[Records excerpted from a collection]
+++
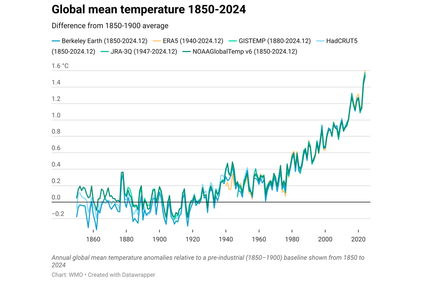 מגמה של חימום העולם היא חדה וברורה: בעשרות השנים האחרונות כל שנה הייתה חמה ביחס לשנים לפני המהפכה התעשייתית. גרף המראה את הטמפרטורה העולמית הממוצעת, מ-1850 עד 2020 | World Meteorological Organization
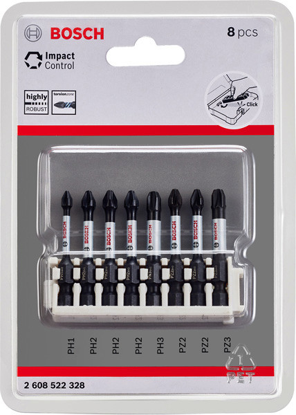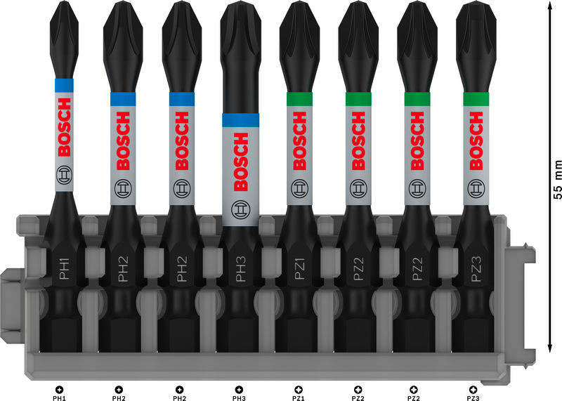 PRO Impact Schrauberbit-Set, PH1/PH2/PH3/PZ1/PZ2/PZ3, 55 mm, 8-tlg
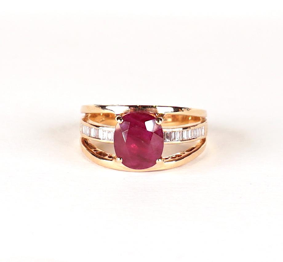 Bague ajourée en or rose 18 K (750/oo), ornée au centre d'un rubis (probablement Birman) taille ovale, 2.56 cts, épaulé de 2 lignes de 11 diamants blancs taille baguette pesant ensemble 0.15 ct. TDD 54. Poids brut : 5.25 g environ. (Certificat GGT 8020308).
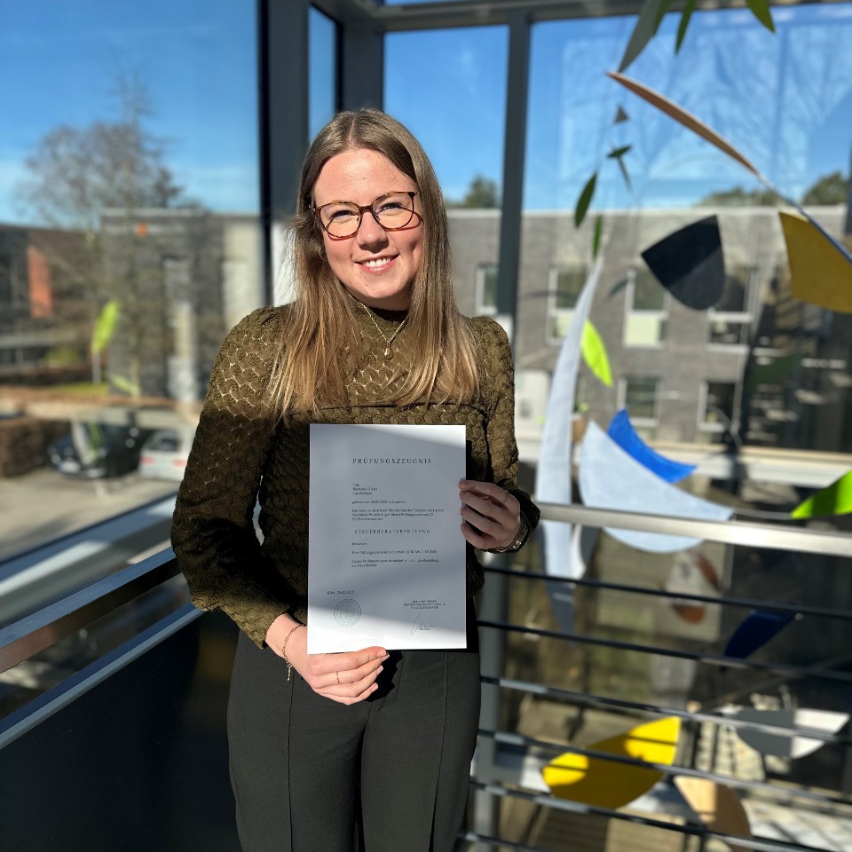 Was für ein großartiger Erfolg: Lina hat die Steuerberaterprüfung bestanden! Wir freuen uns riesig mit ihr und gratulieren von Herzen zu diesem Meilenstein. Mit Fleiß, Ausdauer und fachlicher Stärke hat sie diese Herausforderung gemeistert – eine wirklich starke Leistung! Liebe Lina, wir sind stolz auf dich und glücklich, dich auch weiterhin in unserem Team zu haben. Wir wünschen dir für deinen beruflichen Weg als Steuerberaterin nur das Beste!
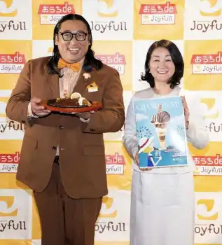 お笑いトリオ「ロバート」の秋山竜次(45)が出演するファミリーレストラン「ジョイフル」の新CM発表会が開催された。
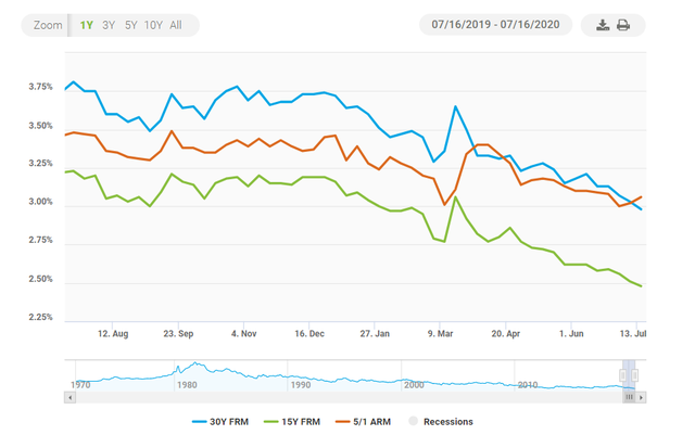 美国抵押贷款利率已连续数周创下历史新低。5月15日,30年期固定利率抵押贷款的平均利率降至3.09%。更有甚者,部分放贷机构给出了2.75%的利率。
+++
▸ **Required action**
In the transcription, every picture is to be excluded and the records above given again exactly.

▸ **Answer below**
 מגמה של חימום העולם היא חדה וברורה: בעשרות השנים האחרונות כל שנה הייתה חמה ביחס לשנים לפני המהפכה התעשייתית. גרף המראה את הטמפרטורה העולמית הממוצעת, מ-1850 עד 2020 | World Meteorological Organization
 PRO Impact Schrauberbit-Set, PH1/PH2/PH3/PZ1/PZ2/PZ3, 55 mm, 8-tlg
 Bague ajourée en or rose 18 K (750/oo), ornée au centre d'un rubis (probablement Birman) taille ovale, 2.56 cts, épaulé de 2 lignes de 11 diamants blancs taille baguette pesant ensemble 0.15 ct. TDD 54. Poids brut : 5.25 g environ. (Certificat GGT 8020308).
 Was für ein großartiger Erfolg: Lina hat die Steuerberaterprüfung bestanden! Wir freuen uns riesig mit ihr und gratulieren von Herzen zu diesem Meilenstein. Mit Fleiß, Ausdauer und fachlicher Stärke hat sie diese Herausforderung gemeistert – eine wirklich starke Leistung! Liebe Lina, wir sind stolz auf dich und glücklich, dich auch weiterhin in unserem Team zu haben. Wir wünschen dir für deinen beruflichen Weg als Steuerberaterin nur das Beste!
 お笑いトリオ「ロバート」の秋山竜次(45)が出演するファミリーレストラン「ジョイフル」の新CM発表会が開催された。
 美国抵押贷款利率已连续数周创下历史新低。5月15日,30年期固定利率抵押贷款的平均利率降至3.09%。更有甚者,部分放贷机构给出了2.75%的利率。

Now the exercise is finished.